* _EXERCISE DATA_:

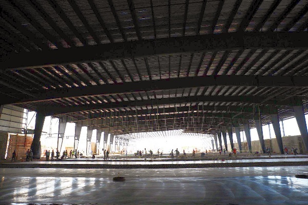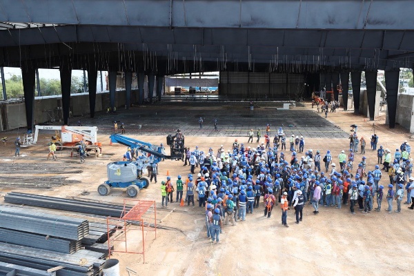 Durante la visita de supervisión, el Gobernador constató las labores de expansión que se están efectuando en el área de exposiciones para alcanzar 11,000 metros cuadrados (m2), las cuales llevan un importante avance, pues prácticamente ya cuenta con toda la estructura metálica instalada y se está trabajando en el armado y colado del piso de concreto de esta nueva nave.
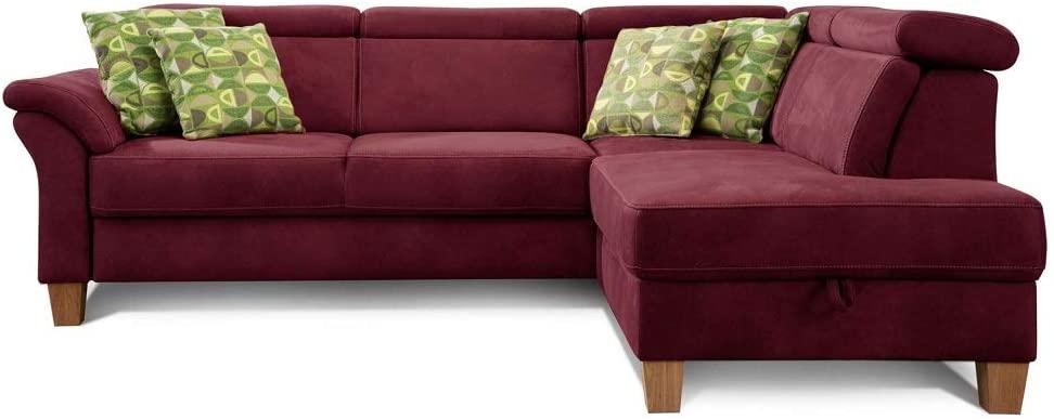 | Name | Cavadore Ecksofa Ammerland mit Ottomane rechts / Federkern-Sofa im Landhausstil mit verstellbaren Kopfstützen / 245 x 84 x 194 / Lederoptik rot |
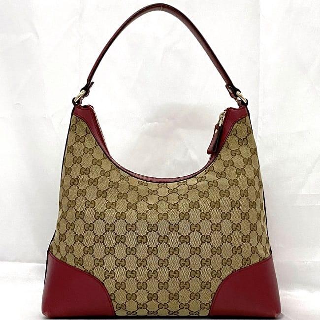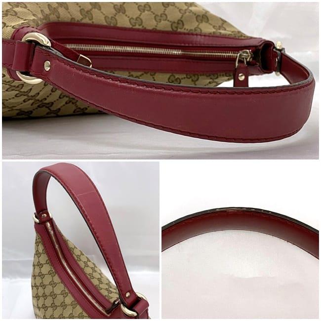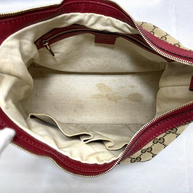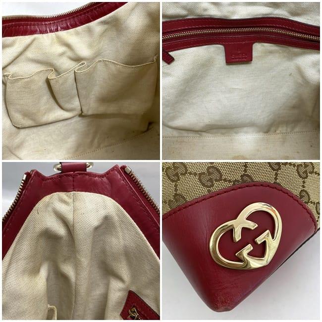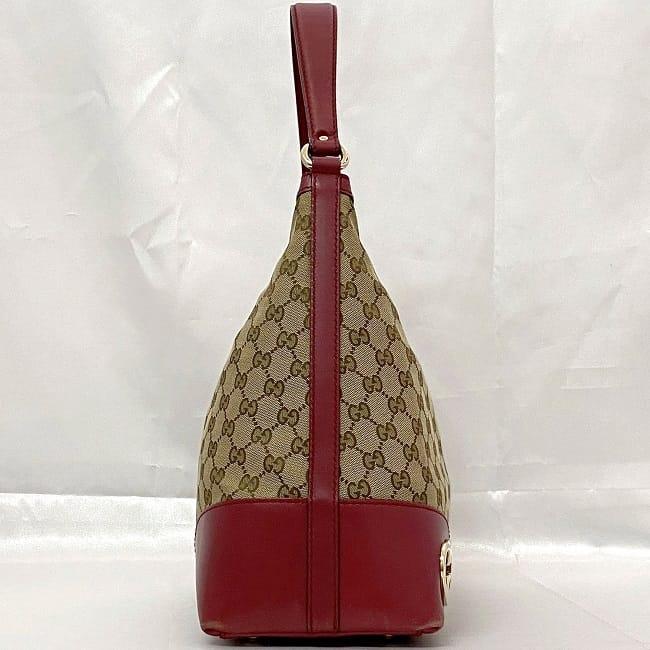 グッチ セミショルダー バッグ f-21842 ベージュ レッド GG ラブリー 257070 002404 ハート キャンバス レザー 中古 GUCCI 肩掛け ワンショルダー ロゴ 総柄 スプリーム 茶色 赤 ヴィンテージ 定番 人気 レディース メンズ ブランド 本物 鑑定済み
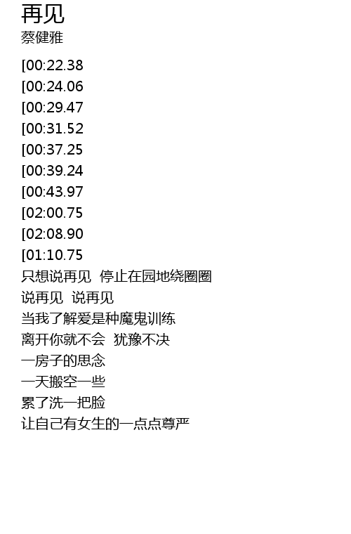 | [03:02.96] | 只想说再见 停止在园地绕圈圈 |
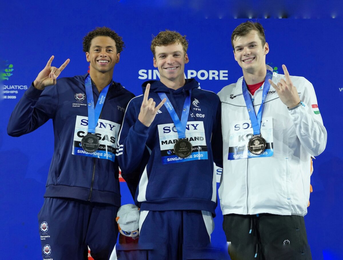 Kós Hubert először versenyzett edzőtársával, a négyszeres olimpiai- és ötszörös világbajnok, francia Léon Marchand-dal. Az amerikai Bob Bowman két tanítványa – akikhez egy harmadik Bowman-tanítvány, az amerikai Shaine Casas is csatlakozott – a 200 méteres vegyesúszásban mérte össze az erejét. De már a középfutamban kiderült, hogy ennek a számnak Marchand a koronázatlan királya, aki óriási világcsúcsot úszott, majd a döntőben is olyan tempót diktált, mellyel senki sem tudott lépést tartani. Kós Hubert azonban mindenképpen érmet szeretett volna nyerni, ezért nagyot küzdött, és végül új egyéni csúcsot felállítva harmadik helyen ért célba Marchand és Casas mögött. Ezzel megszerezte első érmét a szingapúri világbajnokságon. Nem sokkal később pedig fő számában, a 200 méteres hátúszás középdöntőjében állt rajthoz, mely versenyen harmadik legjobb idővel kvalifikálta magát a döntőbe. Kós számára nagyon fontos, hogy jól szerepeljen ebben a számban, ezért a 100 méteres pillangótól is visszalépett. Két nappal később világbajnoki címet nyert 200 méteres hátúszásban Zugló Díszpolgára a szingapúri vizes világbajnokságon, akinek óriási egyéni, országos és Európa-bajnoki csúcsot kellett úsznia az aranyéremért.
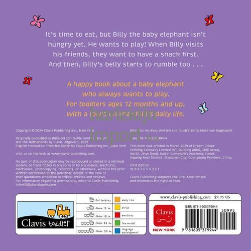 It’s time to eat, but Billy the baby elephant isn’t hungry yet. He wants to play! When Billy visits his friends, they want to have a snack first. And then, Billy’s belly starts to rumble too . . . A happy book about a baby elephant who always wants to play. For toddlers ages 12 months and up, with a focus on the child’s daily life.
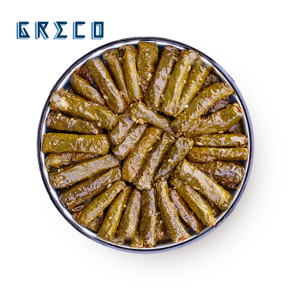 Cooked rice (60%), water, vine leaves (10%), onion, soybean oil, salt, dill, mint, black plum, edible acid: citric acid
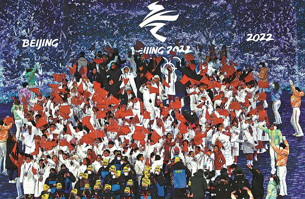 Members of the Chinese delegation, which won nine gold medals, four silver and two bronze at the Beijing Games, celebrate when they appear at the closing ceremony. ZHANG WEI/CHINA DAILY
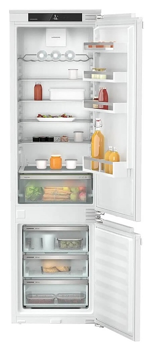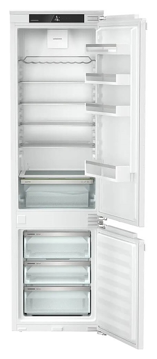 Встраиваемый холодильник Liebherr ICNd 5603 серии Pure предназначен для охлаждения, замораживания, кратковременного и длительного хранения пищевых продуктов и напитков в гостиничных комплексах, офисах, а также домашних условиях. Модель оснащена холодильной камерой сверху и морозильной камерой снизу, правосторонними перенавешиваемыми распашными дверьми, кабелем питания с евровилкой, расположенными за дверью холодильной камеры в верхней части фронта сенсорной панелью управления и монохромным жидкокристаллическим дисплеем с белой подсветкой индикации. Боковины и фасады дверей выполнены из стали, внутренняя облицовка камер – из белого пластика, плоские полки – из прозрачного закаленного стекла, решетчатая полка – из стали с хромированной поверхностью, ящики и навесные полки – из белого пластика с прозрачным фронтом, ящики и полки декорированы металлическими окантовками серебристого оттенка, упаковка – из гофрокартона, полимерной пленки и полистирола.
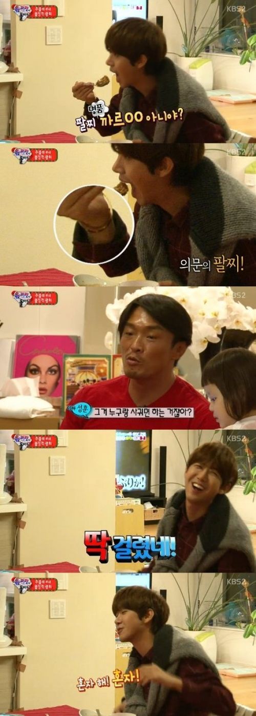 추성훈은 광희의 손목에 있는 팔찌를 보고 "그거 누구랑 사귀면 하는 거 아니냐?"고 콕 집어 물었다.
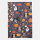 Toalla de mano para perros disfrazados de Halloween. Perros ilustrados con disfraces de Halloween que incluyen un fantasma, una bruja, Harry Potter, Ty Beanie Baby, Peter Pan, un murciélago y un ratón. El diseño también incluye calabazas y maíz dulce. Perfecta adición a cualquier cocina para la temporada de Halloween.
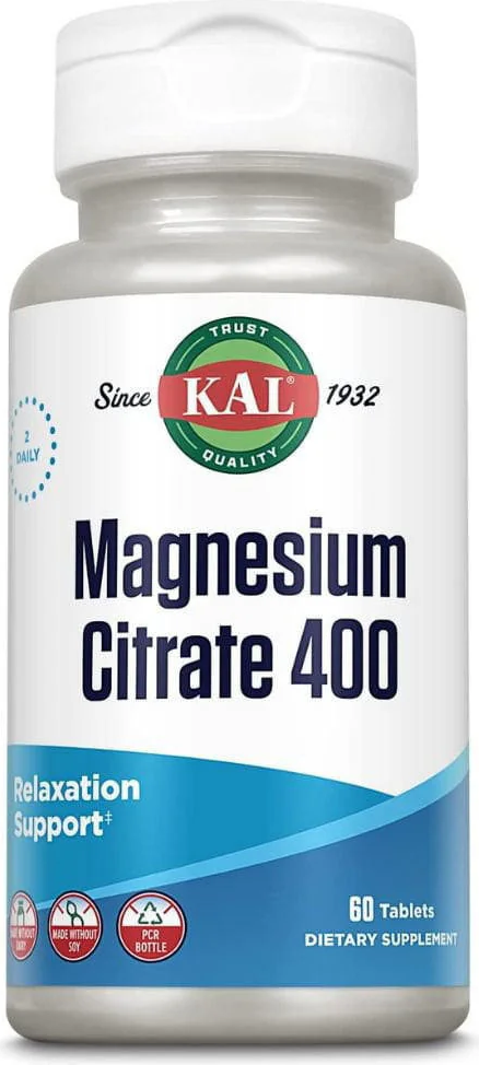 Magnesium Citrate 400 Description from KAL Magnesium supports healthy muscle function, nerve support, and relaxation.ActivTab technology guarantees tablet disintegration within 30 minutes...
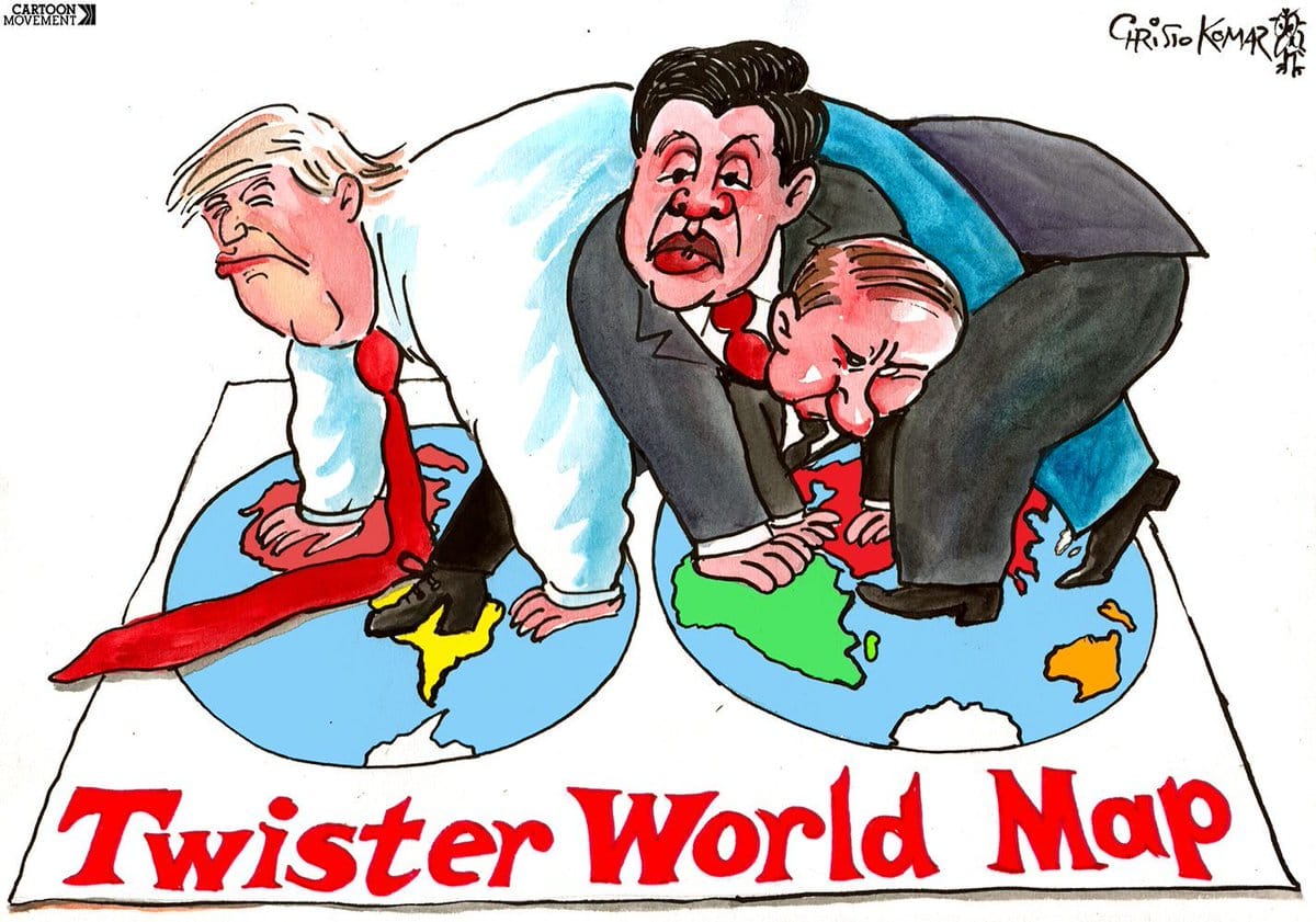 The selected cartoons appeared first in other publications, either in print, online, or on social media, and are credited appropriately.

* _ASSIGNED TASK_:
The lines running from the beginning of the listing above through the line that holds "只想说再见 停止在园地绕圈圈 |" are to be duplicated exactly, both ends kept, pictures omitted.

* _REPLY TO THE TASK_:
 Durante la visita de supervisión, el Gobernador constató las labores de expansión que se están efectuando en el área de exposiciones para alcanzar 11,000 metros cuadrados (m2), las cuales llevan un importante avance, pues prácticamente ya cuenta con toda la estructura metálica instalada y se está trabajando en el armado y colado del piso de concreto de esta nueva nave.
 | Name | Cavadore Ecksofa Ammerland mit Ottomane rechts / Federkern-Sofa im Landhausstil mit verstellbaren Kopfstützen / 245 x 84 x 194 / Lederoptik rot |
 グッチ セミショルダー バッグ f-21842 ベージュ レッド GG ラブリー 257070 002404 ハート キャンバス レザー 中古 GUCCI 肩掛け ワンショルダー ロゴ 総柄 スプリーム 茶色 赤 ヴィンテージ 定番 人気 レディース メンズ ブランド 本物 鑑定済み
 | [03:02.96] | 只想说再见 停止在园地绕圈圈 |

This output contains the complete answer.